The decoder in Whisper 3 is configured to perform multitask training using language tokens, task tokens, time tokens, and transcription tokens. It incorporates contextual information from the transcript text preceding the current audio segment through cross-attention mechanisms. This approach allows Whisper 3 to seamlessly integrate multiple tasks and leverage their interdependencies during training.

The training process involves a suite of models of varying sizes, facilitating the study of Whisper's scaling properties. Data parallelism across accelerators is employed, utilizing FP16 with dynamic loss scaling and activation checkpointing. Models are trained with the AdamW optimizer and gradient norm clipping, with a linear learning rate decay to zero after an initial warm-up period. A batch size of 256 segments is used, and training occurs for 220 updates, equivalent to two to three passes over the dataset.
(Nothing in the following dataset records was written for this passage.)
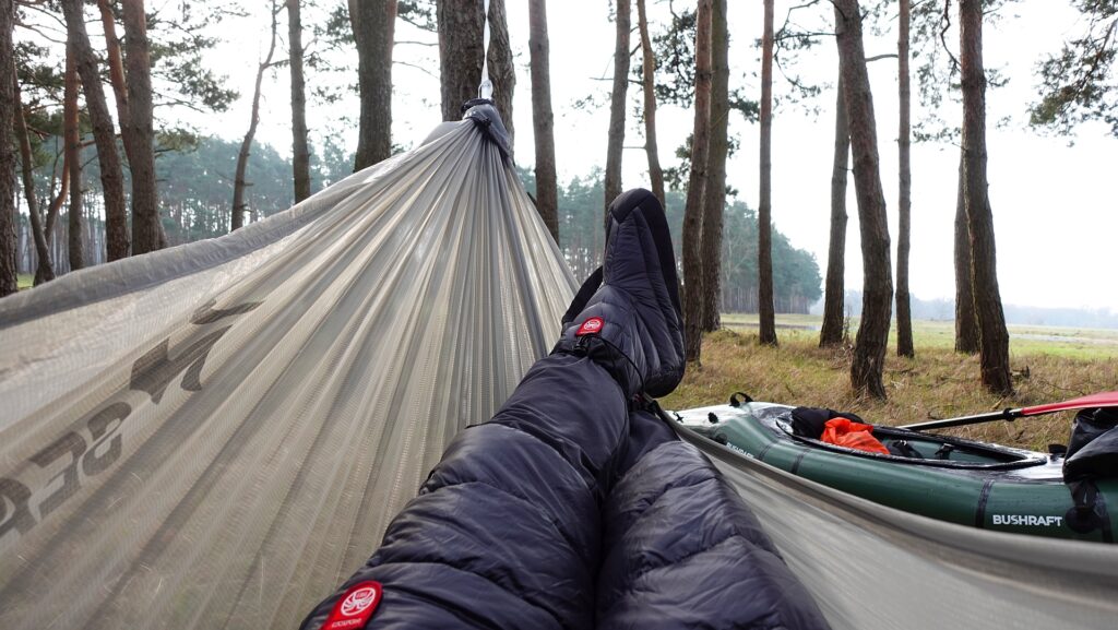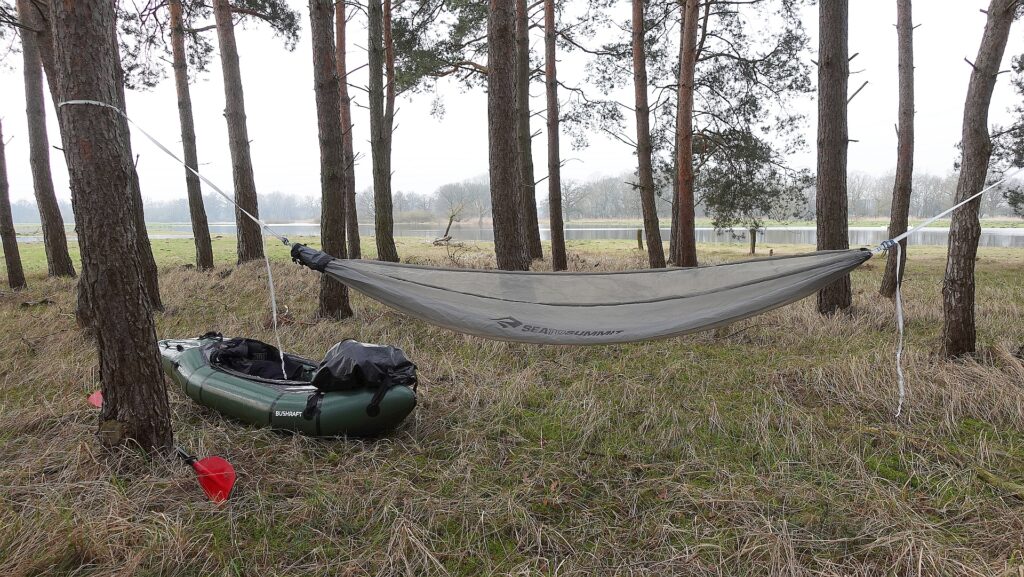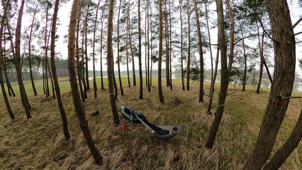 Trochę byłem zdziwiony tym, że tak piękne miejsce w sobotę odwiedzam sam. Wróciłem do packrafta i pływając po kolejnych rozlewiskach i w górę lekkiego nurtu, dopłynąłem do sosnowej wysepki, gdzie przygotowałem sobie posiłek, po którym zasnąłem na półgodzinną drzemkę w hamaku.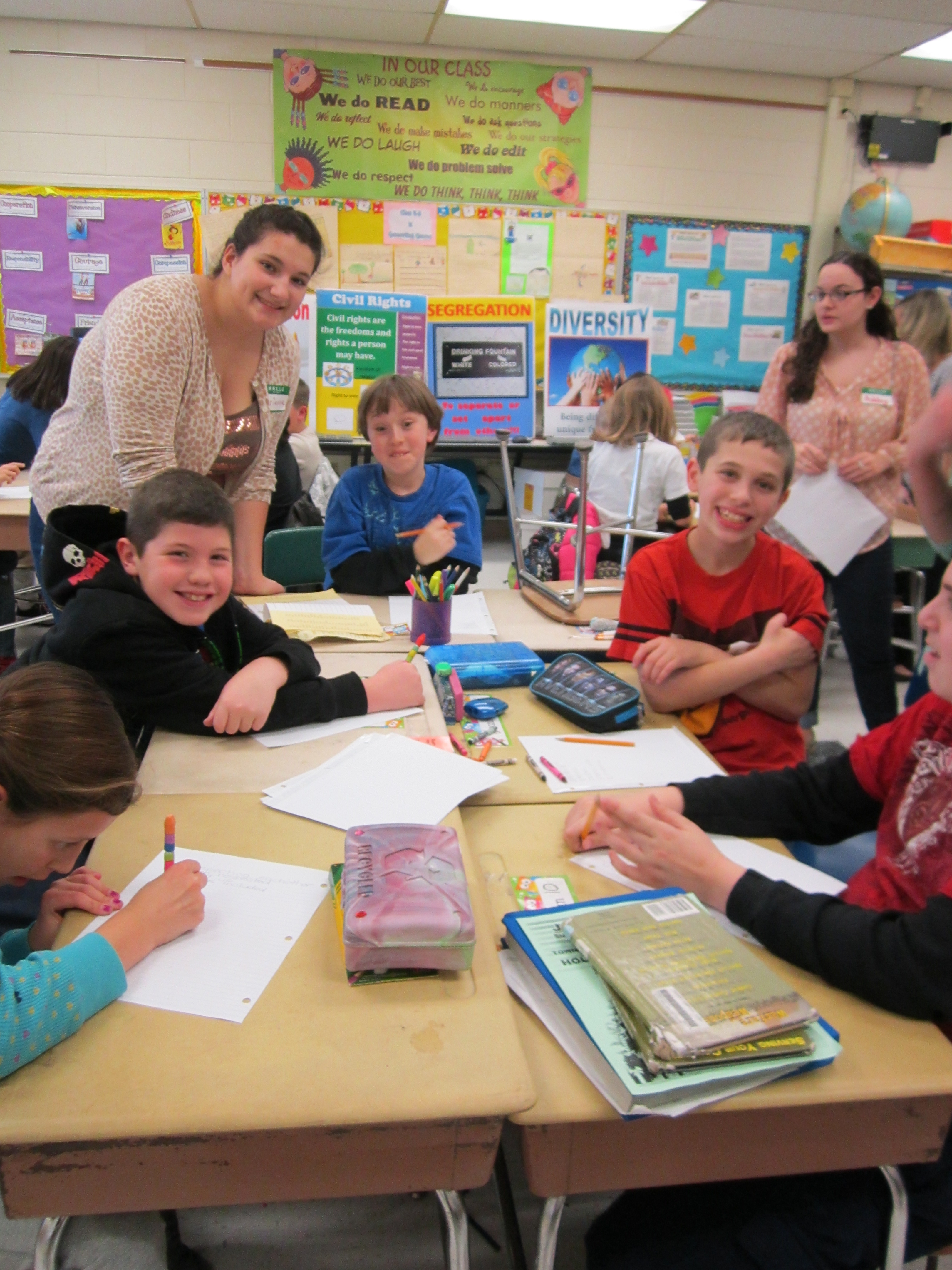 Sachem East’s National History Club stopped by Tecumseh Elementary School on Tuesday to teach three classes about courage and civil rights to fourth grade students.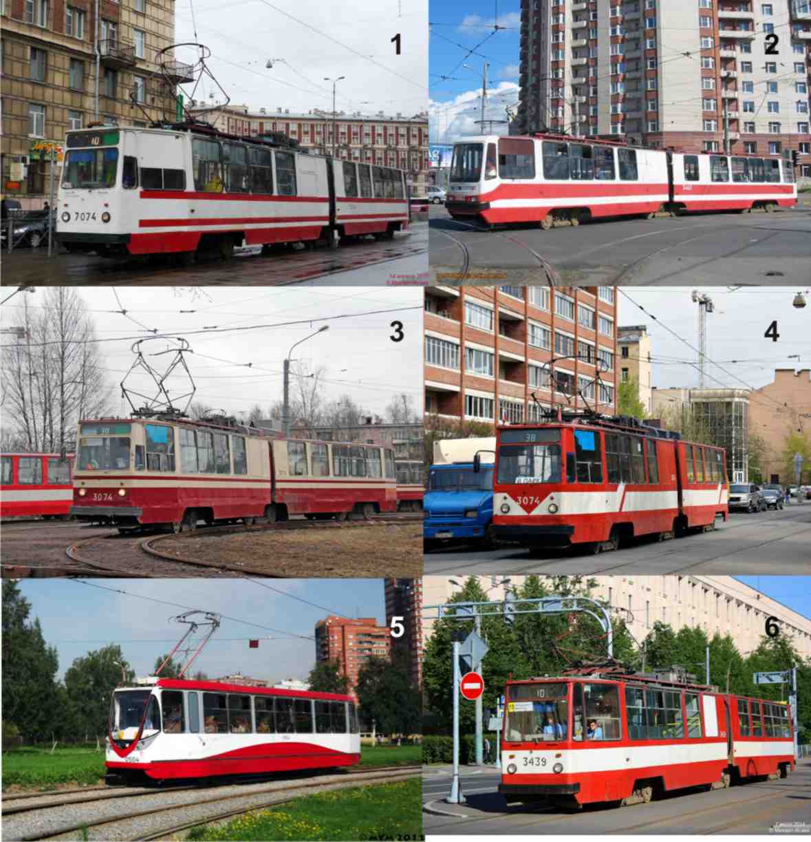 самая "старая" это №1, в такую цветовую схему красилось большинство вагонов ТП-7, только полосы были не Красными, а голубыми или синими. По факту - первая попытка стандартизировать окраску СПб трамвая, когда было предписано, что все трамваи должны быть красно-белыми, 7-й парк сохранил схему, но поменял цвет. №2 появилась примерно одновременно с №1, красили в неё ТП-3, иногда ТП-5 и ЛМ68М СТТП. 4 - так называемая "Лиговская" схема окраски вагонов, вторая попытка стандартизировать окраску. №6, как правильно замечено, упрощённый вариант №4, парковым малярам. №5 - "расово-верная" дизайнерская окраска "пчёл", они все должны были быть такими, но распоряжении о применении "Лиговской" схемы её похерило.

Remarkably, overfitting is not a major concern, and data augmentation or regularization techniques are not applied, relying instead on the inherent diversity within the vast dataset to promote generalization and robustness.

Analysis and Ablations

Whisper 3 delivers exceptional performance across a range of evaluations, including language identification, transcription, translation, multi-lingual speech recognition, and long-form transcription. While it may not achieve perfect accuracy, it comes remarkably close to human-level performance.
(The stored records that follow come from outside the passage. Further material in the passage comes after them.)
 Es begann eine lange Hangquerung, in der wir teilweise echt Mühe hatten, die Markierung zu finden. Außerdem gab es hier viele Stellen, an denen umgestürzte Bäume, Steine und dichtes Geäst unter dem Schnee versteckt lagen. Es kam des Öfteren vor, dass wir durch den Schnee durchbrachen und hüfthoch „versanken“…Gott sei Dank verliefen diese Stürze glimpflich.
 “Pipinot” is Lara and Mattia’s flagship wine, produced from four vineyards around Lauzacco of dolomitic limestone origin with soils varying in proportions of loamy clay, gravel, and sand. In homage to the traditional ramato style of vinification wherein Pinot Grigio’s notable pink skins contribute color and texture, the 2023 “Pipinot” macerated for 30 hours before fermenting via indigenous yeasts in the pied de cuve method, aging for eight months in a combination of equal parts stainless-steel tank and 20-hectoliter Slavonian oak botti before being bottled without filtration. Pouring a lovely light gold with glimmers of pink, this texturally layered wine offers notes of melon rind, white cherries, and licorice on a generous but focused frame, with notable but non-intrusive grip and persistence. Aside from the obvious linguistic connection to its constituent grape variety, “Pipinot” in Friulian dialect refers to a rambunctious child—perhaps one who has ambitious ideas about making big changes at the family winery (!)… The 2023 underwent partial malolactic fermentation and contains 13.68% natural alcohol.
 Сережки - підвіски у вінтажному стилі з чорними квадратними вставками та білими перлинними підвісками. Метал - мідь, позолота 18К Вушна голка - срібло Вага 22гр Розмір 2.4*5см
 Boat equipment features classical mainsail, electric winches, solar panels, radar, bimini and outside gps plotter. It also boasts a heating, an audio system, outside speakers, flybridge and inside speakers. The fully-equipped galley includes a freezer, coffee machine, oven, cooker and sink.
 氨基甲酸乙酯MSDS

A series of ablations were conducted to examine the impact of various model and data choices on Whisper 3's performance:

Model Scaling: As with many large-scale models, Whisper 3 demonstrates that performance increases with model size across multiple tasks, including multilingual speech recognition, speech translation, and language identification.
Dataset Scaling: The Whisper dataset, consisting of 680,000 hours of labeled audio, is one of the largest in supervised speech recognition. To assess the importance of the raw dataset, the authors trained medium-sized models on subsampled versions of the data at different percentages of the full size. Just like model scaling, dataset scaling plays a crucial role in performance improvement, with all evaluated tasks benefiting from larger datasets.
Multitask and Multilingual Transfer: Concerns arose regarding the joint training of a single model on multiple tasks and languages, potentially hindering performance compared to single-task, single-language models. To address this, two models were trained and evaluated on English speech recognition datasets. Small models exhibited negative transfer between tasks and languages, underperforming compared to English-only models. However, as computational resources increased, joint models demonstrated the advantages of diverse representations, ultimately outperforming their single-task counterparts.

Final Thoughts

Whisper 3 represents a remarkable achievement in the domains of data and model scaling. It stands as one of the foundational models in the speech recognition field, drawing lessons from the successes of language and vision modeling.

The use of multitask token formatting to define multiple tasks and languages is particularly intriguing. Whisper 3 seamlessly integrates audio Mel spectrograms with crucial task information tokens, showcasing innovation in model architecture.

Since its initial release, Whisper has continued to evolve, with updates such as Whisper V2 and V3. These updates involve longer training durations and slight architectural modifications, reflecting the ongoing commitment to enhancing this powerful open-source ASR system. Whisper 3, in particular, has recently made its debut, promising even more impressive capabilities. It's an exciting time for the world of speech recognition, and Whisper remains at the forefront of this technological advancement.